Convolutional Neural Networks (CNNs) models have demonstrated remarkable efficiency, accuracy, and reliability in image classification tasks, achieving near-human performance levels in many challenging image stratification tasks6,7,8,9,10. Additionally, CNNs have been successfully utilized in the medical field to classify diseases from medical images11,12. In 2017, Esteva et al.13 first reported a deep-learning convolutional neural network (DCNN) image classifier that performed as well as 21 board-certified dermatologists in identifying images with malignant lesions. The DCNN was trained on clinical and dermoscopic images of skin lesions and generated its diagnostic criteria for melanoma detection.
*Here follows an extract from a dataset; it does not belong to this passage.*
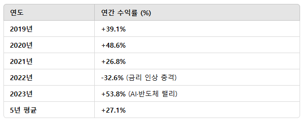 - 2020년(코로나 이후 기술주 급등)과 2023년(AI 열풍)에는 엄청난 상승을 기록 하였습니다.

Subsequent publications have demonstrated similar results, with DCNNs achieving dermatologist-level skin cancer classification14,15,16. However, it is worth noting that most studies in this area have focused on testing only two critical binary classifications, such as benign nevus and Mel.

The current skin disease datasets are biased toward fair-skinned individuals, with fewer cases from brown or dark-skinned people17. People with darker skin have a lower risk of skin cancer than the fair-skinned population, but they are often diagnosed at later stages18. Therefore, deep learning frameworks validated using fair-skinned populations may not accurately diagnose skin cancer in people with darker skin, leading to misdiagnosis and vice versa19. This underscores the need for more diverse datasets that represent different skin types to improve the accuracy of deep learning algorithms in diagnosing skin diseases across all populations.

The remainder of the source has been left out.